Nobody was allowed out of the complex. Or almost nobody. Crake could go out, of course. He was the liaison between Paradice and the Rejoov top brass, though he hadn’t let them in yet, he was making them wait. They were a greedy bunch, nervous about their investment; they’d want to jump the gun, start marketing too soon.
Also they’d talk too much, tip off the competition. They were all boasters, those guys.

“So, now that I’m in here I can never get out?” said Jimmy. “You didn’t tell me that.”

“You’ll be an exception,” said Crake. “Nobody’s going to kidnap you for what’s inside your skull. You’re just doing the ads, remember?” But the rest of the team, he said – the MaddAddamite contingent – was confined to base for the duration.

“The duration?”

“Until we go public,” said Crake. Very soon, RejoovenEsense hoped to hit the market with the various blends on offer. They’d be able to create totally chosen babies that would incorporate any feature, physical or mental or spiritual, that the buyer might wish to select. The present methods on offer were very hit-or-miss, said Crake: certain hereditary diseases could be screened out, true, but apart from that there was a lot of spoilage, a lot of waste. The customers never knew whether they’d get exactly what they’d paid for; in addition to which, there were too many unintended consequences.

But with the Paradice method, there would be ninety-nine per cent accuracy. Whole populations could be created that would have pre-selected characteristics. Beauty, of course; that would be in high demand. And docility: several world leaders had expressed interest in that. Paradice had already developed a UV-resistant skin, a built-in insect repellant, an unprecedented ability to digest unrefined plant material. As for immunity from microbes, what had until now been done with drugs would soon be innate.

Compared to the Paradice Project, even the BlyssPluss Pill was a crude tool, although it would be a lucrative interim solution. In the long run, however, the benefits for the future human race of the two in combination would be stupendous. They were inextricably linked – the Pill and the Project. The Pill would put a stop to haphazard reproduction, the Project would replace it with a superior method. They were two stages of a single plan, you might say.

It was amazing – said Crake – what once-unimaginable things had been accomplished by the team here. What had been altered was nothing less than the ancient primate brain. Gone were its destructive features, the features responsible for the world’s current illnesses. For instance, racism – or, as they referred to it in Paradice, pseudospeciation – had been eliminated in the model group, merely by switching the bonding mechanism: the Paradice people simply did not register skin colour. Hierarchy could not exist among them, because they lacked the neural complexes that would have created it. Since they were neither hunters nor agriculturalists hungry for land, there was no territoriality: the king-of-the-castle hard-wiring that had plagued humanity had, in them, been unwired. They ate nothing but leaves and grass and roots and a berry or two; thus their foods were plentiful and always available. Their sexuality was not a constant torment to them, not a cloud of turbulent hormones: they came into heat at regular intervals, as did most mammals other than man.
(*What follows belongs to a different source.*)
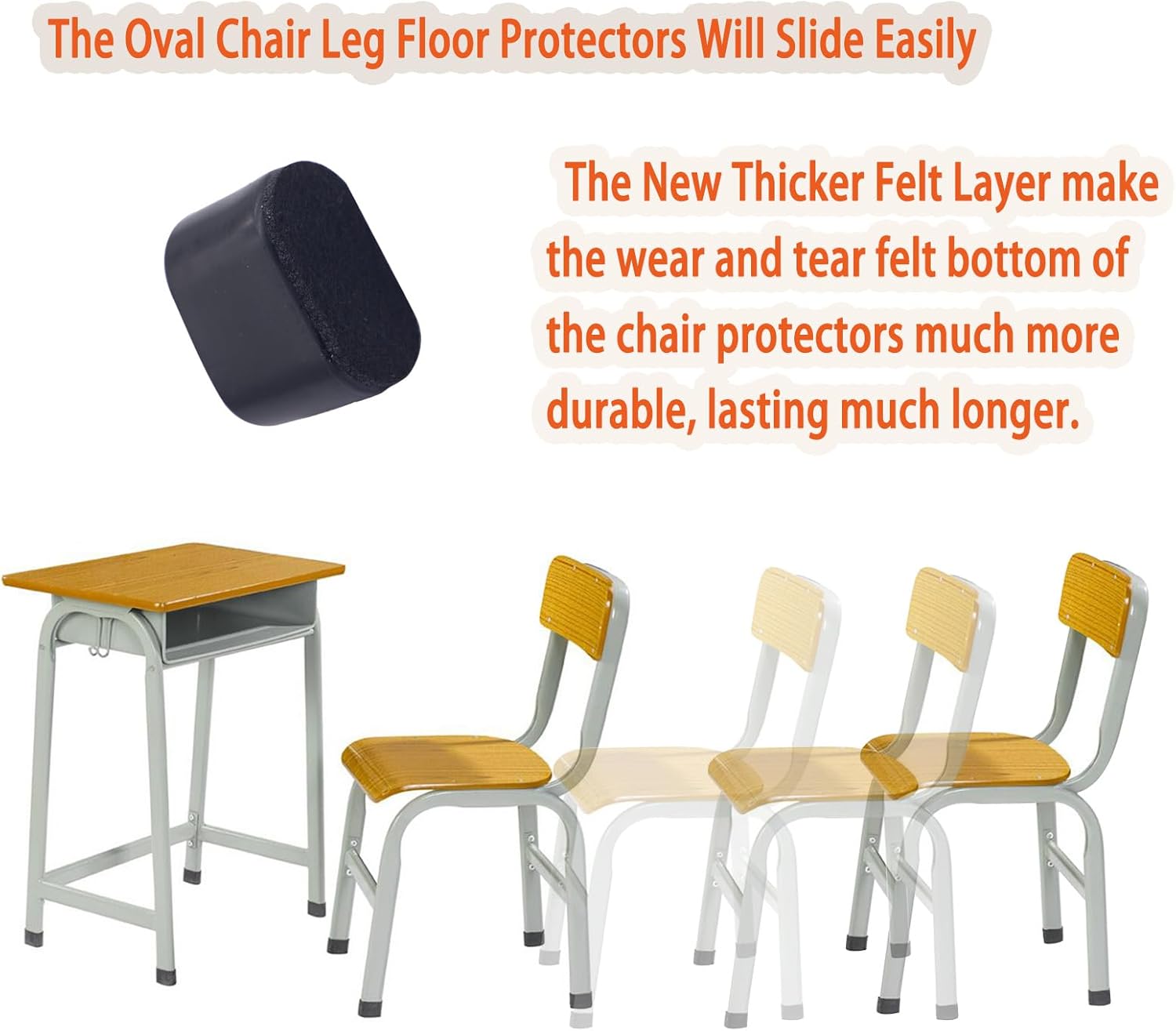 • [The Oval Chair Leg Floor Protectors ] they are felt and will slide easily, do the job. Not need lift stool and replace.The New Thicker Felt Layer make the wear and tear felt bottom of the chair protectors much more durable, lasting much longer.

In fact, as there would never be anything for these people to inherit, there would be no family trees, no marriages, and no divorces. They were perfectly adjusted to their habitat, so they would never have to create houses or tools or weapons, or, for that matter, clothing. They would have no need to invent any harmful symbolisms, such as kingdoms, icons, gods, or money. Best of all, they recycled their own excrement. By means of a brilliant splice, incorporating genetic material from …

“Excuse me,” said Jimmy. “But a lot of this stuff isn’t what the average parent is looking for in a baby. Didn’t you get a bit carried away?”

“I told you,” said Crake patiently. “These are the floor models. They represent the art of the possible. We can list the individual features for prospective buyers, then we can customize. Not everyone will want all the bells and whistles, we know that. Though you’d be surprised how many people would like a very beautiful, smart baby that eats nothing but grass. The vegans are highly interested in that little item. We’ve done our market research.”